A recent National Labor Relations Board (“NLRB”) decision underscores the importance of exercising care when disciplining employees for social media postings, given certain employee rights under the National Labor Relations Act (“NLRA”).
In Bettie Page Clothing, 359 N.L.R.B. No. 96 (April 19, 2013), two employees were in a dispute with their manager about store closing hours (they had personal safety concerns) and posted comments about their dispute on a Facebook page. They were terminated and pursued a challenge under the NLRA. The NLRB upheld an administrative law judge’s finding that the reason for their termination was the Facebook postings which constituted “protests of supervisory conduct” and, thus, were “protected concerted activities” under Section 7 of the NLRA:
The Facebook postings were complaints among employees about the conduct of their supervisor as it related to their terms and conditions of employment and about management’s refusal to address the employees’ concerns . . . . Such conversations for mutual aid and protection are classic concerted protected activity, even absent prior action.

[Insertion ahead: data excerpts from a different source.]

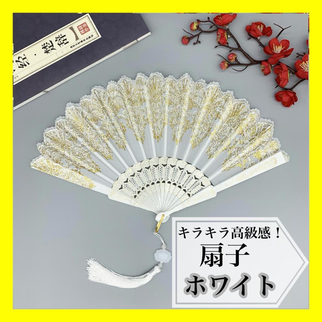 - ホワイト 扇子 ラメ レース 豪華 ゴージャス ダンス アバニコ 高級感 舞踊 ベリーダンス フラメンコ バレエ 普段使い
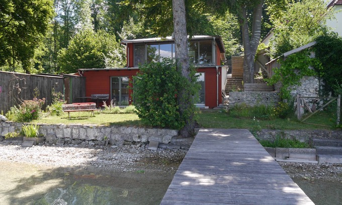 Holiday house with approx. 80 m² living space directly at the Pilsensee with own lake access and footbridge.
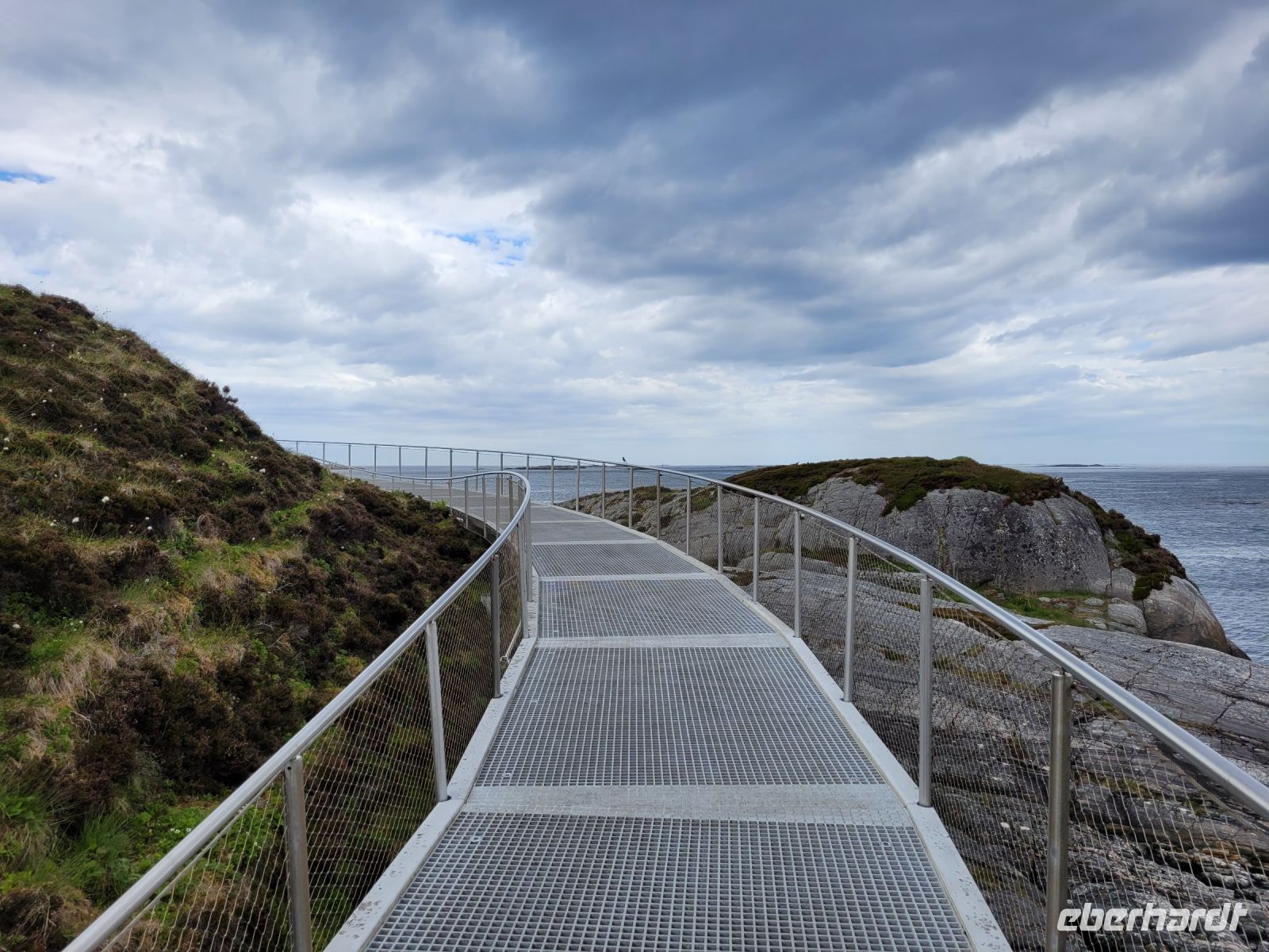 Durch einen imposanten Unterseetunnel erreichen wir dann die Atlantikstraße, die sich direkt am Meer entlang windet. Wir überqueren Brücken sowie Dämme und haben aus dem barrierefreien Bus heraus immer wieder faszinierende Ausblicke. Auf Skipholmen, der größten Insel der Gruppe, steigen wir aus und umrollen das Eiland auf dem trefflich barrierefrei angelegten Rundweg.

In other words, just because employees’ concerns are posted on social media, like Facebook, doesn’t mean they are outside the scope of Federal Labor Law protection. Such postings can constitute protected “concerted activities” – i.e., “two or more employees taking action for their mutual aid or protection regarding terms and conditions of employment.” In certain situations, one employee may also engage in “concerted activities.”
Takeaways: Employers should exercise caution before reacting to a situation where employees have made social media postings about their terms and conditions of their employment. Legal counsel should be consulted and the right path determined for addressing the situation in a manner that does not violate employee rights to engage in “concerted activities” under Section 7 of the NLRA.